La infalibilidad del Papa
no significa de ninguna manera que él goza, en materia de gobierno y de
enseñanza, de un poder ilimitado y arbitrario. El dogma de la
infalibilidad, mientras define un supremo privilegio, fija límites precisos,
admitiendo la posibilidad dela infidelidad, del error, de la traición. En las
oraciones por el Sumo Pontífice no habría entonces necesidad de rezar “ut
non tradat in animam inimicorum eius”. Si fuese imposible que el Papa
pasase al campo enemigo, no ocurriría el rezar para que eso no suceda. Pero la traición
de Pedro es el paradigma de una posible infidelidad que se cierne desde
entonces sobre todos los Papas de la Historia hasta el fin del mundo.
A pesar de ser la más alta
autoridad en la Tierra, el Papa está suspendido entre las cumbres de una fidelidad
heroica a su mandato y el abismo siempre presente de la apostasía. Éstos son los
problemas que el Concilio Vaticano I habría enfrentado si no hubiese sido suspendido
el 20 de octubre de 1870, un mes después de la entrada del ejército italiano en
Roma. Son éstas las cuestiones que los católicos ligados a la Tradición deben
hoy estudiar y profundizar. Sin negar de ningún modo la infalibilidad del Papa
y su suprema autoridad de gobierno, ¿es posible y de qué manera resistirle, si
él falla en su misión, que es la de asegurar la transmisión inalterada del
depósito de la fe y de la moral dada por Jesucristo a la Iglesia?
Éste no fue,
desgraciadamente, el camino seguido por el Concilio Vaticano II, que también se
propuso continuar, y de algún modo integrar, el Vaticano I. La tesis de
la minoría contraria a la infalibilidad, derrotada por Pio IX, resurgió en el
aula del Vaticano II bajo la nueva forma del principio de la colegialidad.
Según algunos miembros de la Nouvelle Théologie, como el Padre Ives
Congar, la minoría de 1870 obtuvo, casi un siglo después, una estruendosa revancha.
Si el Vaticano I había concebido al Papa como el vértice de una perfecta
societas, jerárquica y visible, el Vaticano II y, sobre todo, las
providencias postconciliares, redistribuyeron el poder en sentido horizontal,
atribuyéndolo a las Conferencias Episcopales y a las estructuras sinodales.

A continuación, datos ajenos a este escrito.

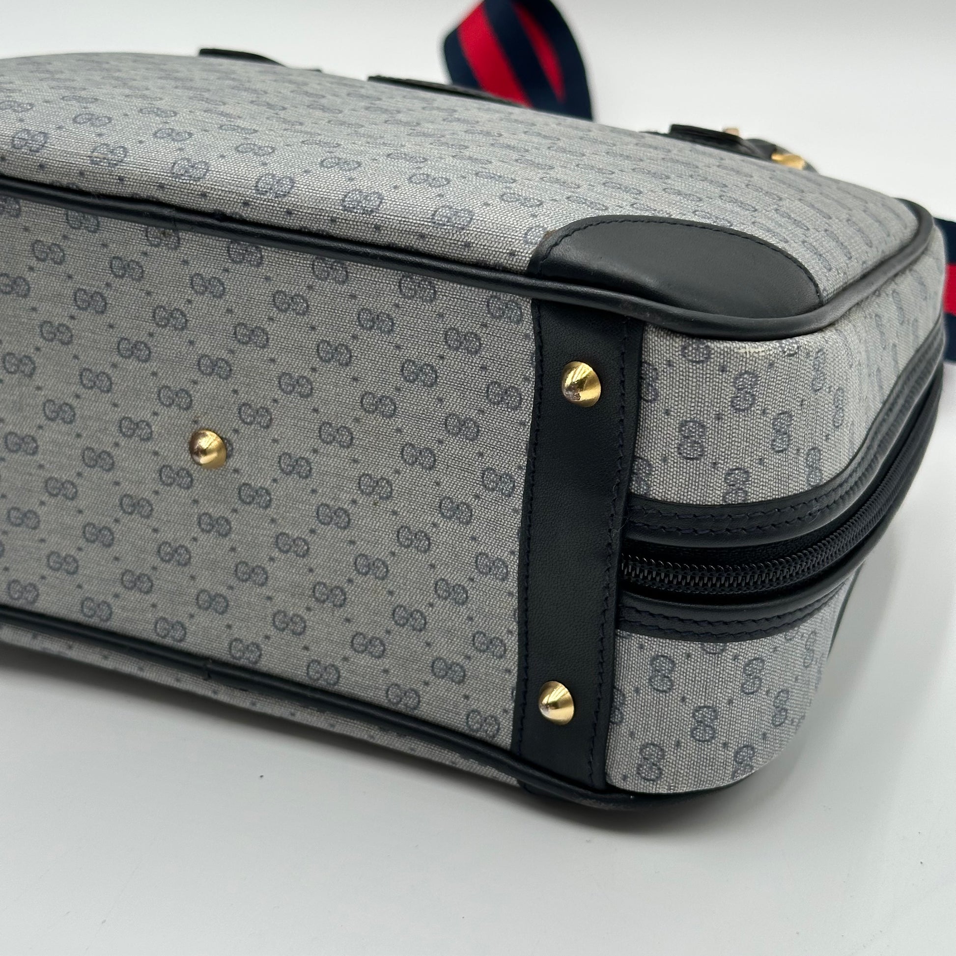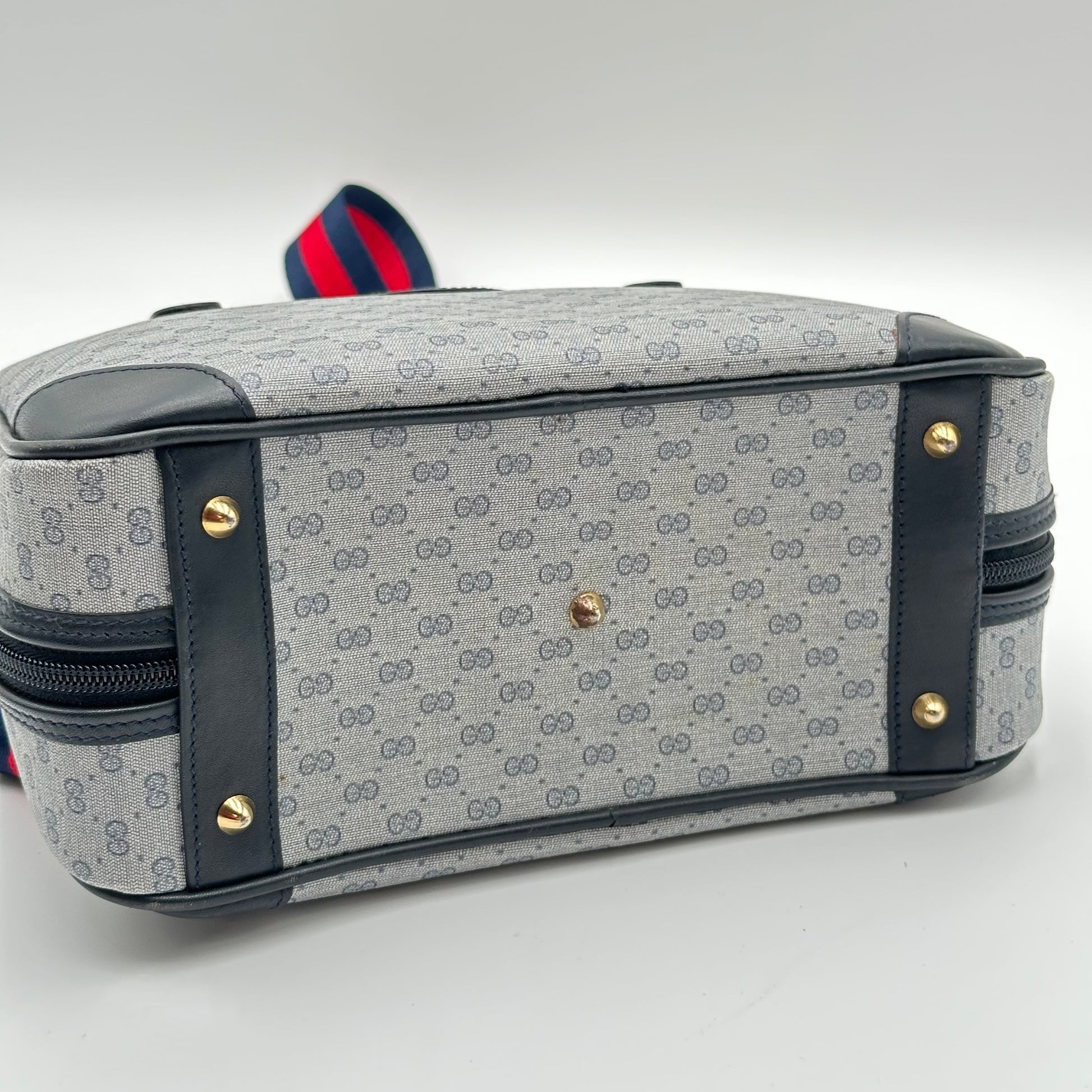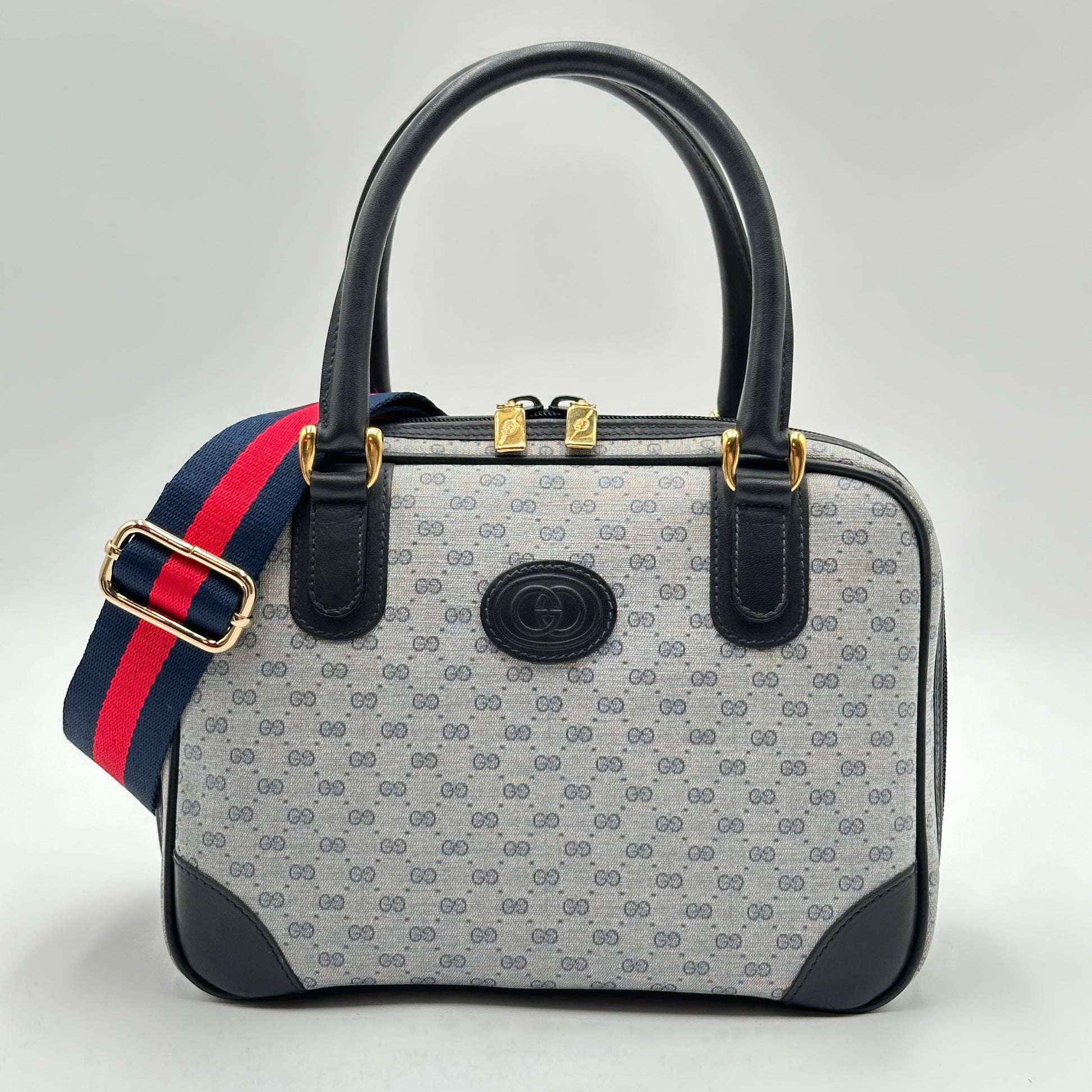 This vintage Gucci mini canvas Boston bag is a timeless piece with a touch of modern versatility. Measuring 9.5 inches in length, 7.5 inches in height, and 4 inches in width, it offers just the right amount of space while maintaining a compact, elegant silhouette. The canvas exterior is in good condition with light signs of use along the edges, showcasing the gentle character of a well-kept vintage item. The top handles are in great condition, maintaining their structure and strength. Inside, the soft cloth lining shows some rubbing and peeling consistent with age, but it is not sticky or damaged—simply an authentic sign of its vintage status. A thick, non-branded guitar strap has been added, allowing you to wear it comfortably as either a crossbody or a handbag. This piece is perfect for the collector or fashion lover looking to blend classic Gucci charm with everyday functionality.
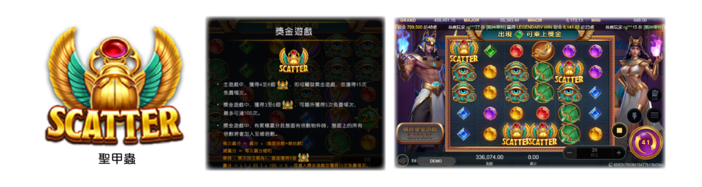 通常在大獎開出前後,聖甲蟲SCATTER符號的出現頻率會明顯增加,即使這些符號出現,卻不一定能夠進入免費遊戲,這與機率工程師設定同時出現幾個聖甲蟲SCATTER符號有關,但出現之後,玩家可以試著買進總資金 20% 至 25% 的總額買進免費遊戲,會有賺 20 到上千倍的機率。
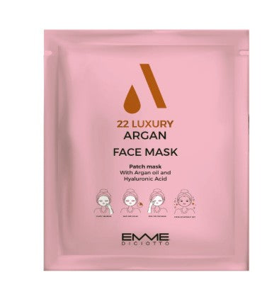 Disposable viscose face mask with argan oil and hyaluronic acid, provides skin elasticity, moisturizes and nourishes. Suitable for all skin types.
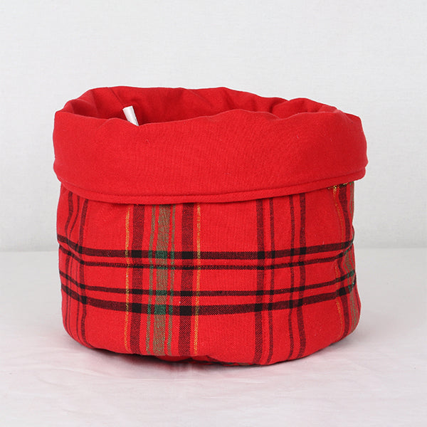 This basket features a classic solid green checkered design on soft cotton fabric. Perfect for holding fruits, dry snacks, or baked goods on your dining table. Foldable and machine washable for regular use in your kitchen or during holiday gatherings.
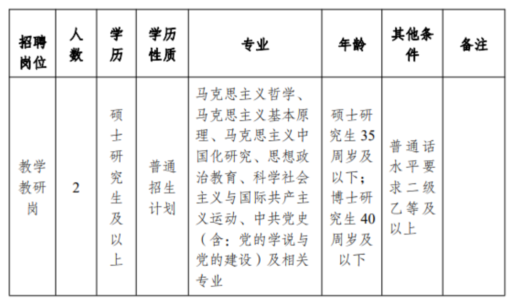 本次招聘崗位為楊善洲干部學(xué)院事業(yè)編制內(nèi)教師崗位,招聘人數(shù)2人,專(zhuān)門(mén)從事楊善洲干部學(xué)院教學(xué)和教研工作,參與課程、課件、教材和現(xiàn)場(chǎng)教學(xué)點(diǎn)的開(kāi)發(fā)與研究,承擔(dān)培訓(xùn)班的授課任務(wù)等具體工作,崗位要求如下:
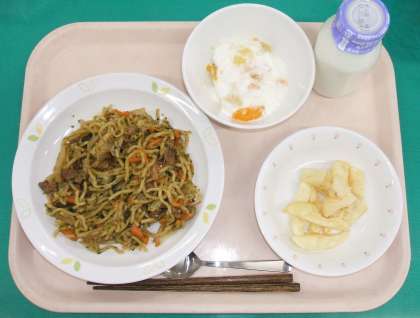 *ソース焼きそば *フライドポテト *フルーツヨーグルト *牛乳
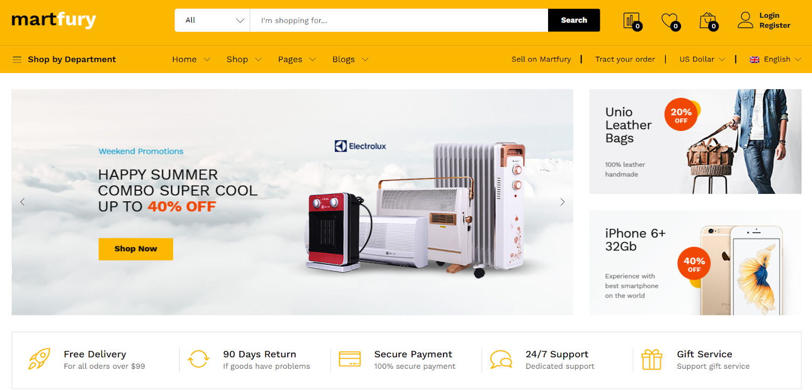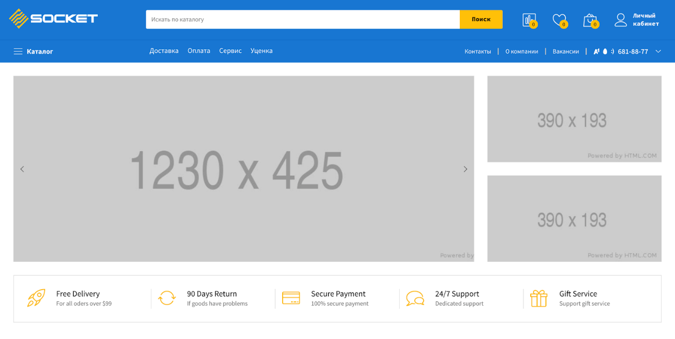 Интернет-гипермаркет был собран на Bitrix — платформе с большим сообществом и целой экосистемой готовых модулей и шаблонов. Это сразу открыло возможность сократить издержки и обойтись без дорогой уникальной разработки. Подходящую тему нашли на ThemeForest — крупнейшей онлайн-площадке по продаже шаблонов и тем для сайтов.
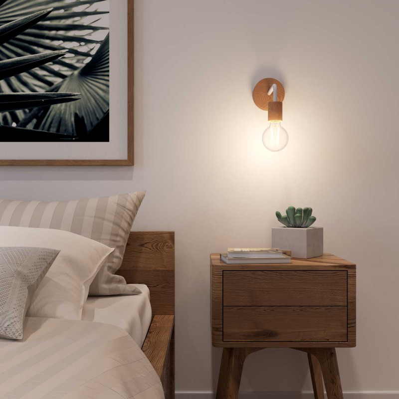 Drevené nástenné svietidlo z prírodného dreva je perfektné nástenné svetlo na osvetlenie vašich interiérov. Ak hľadáte svetlo, ktoré je ideálne pre vaše luxusné priestory, ako sú chodby, vstupné priestory, obývaciu izbu, ale taktiež bary a bistrá, toto riešenie uspokojí vaše potreby. Táto lampa je vyrobená z drevenej rozety, kovovej rúrky a drevenej objímky E27. Môže byť nakonfigurovaná ako jedno alebo dvojité nástenné svietidlo. Ku svietidlu sú vhodné luxusné žiarovky značky Daylight Italia, ktoré nájdete v našom obchode.

Hoy el poder de la Iglesia
parece haber sido transferido para al “pueblo de Dios”, que comprende a las
diócesis, las comunidades de base, las parroquias, los movimientos y
asociaciones de fieles. La infalibilidad y la suprema jurisdicción, substraídas
a la autoridad papal, son atribuidas a la base católica, cuyas exigencias los
Pastores de la Iglesia deben limitarse a interpretar y expresar. El Sínodo de
los Obispos de octubre puso en evidencia los resultados catastróficos de esta
nueva eclesiología, que pretende basarse en una “voluntad general” expresada a
través de pesquisas y cuestionarios de todos los tipos. ¿Pero cuál es hoy la
voluntad del Papa, al cual compete por mandato divino la misión de preservar la
ley natural y divina?
Lo cierto es que en tiempos
de crisis como la que atravesamos, todos los bautizados tienen el derecho de
defender su fe, aun oponiéndose a los pastores morosos. A los
Pastores y teólogos auténticamente ortodoxos incumbe a su vez la tarea de
estudiar la extensión y los límites de este derecho de resistencia.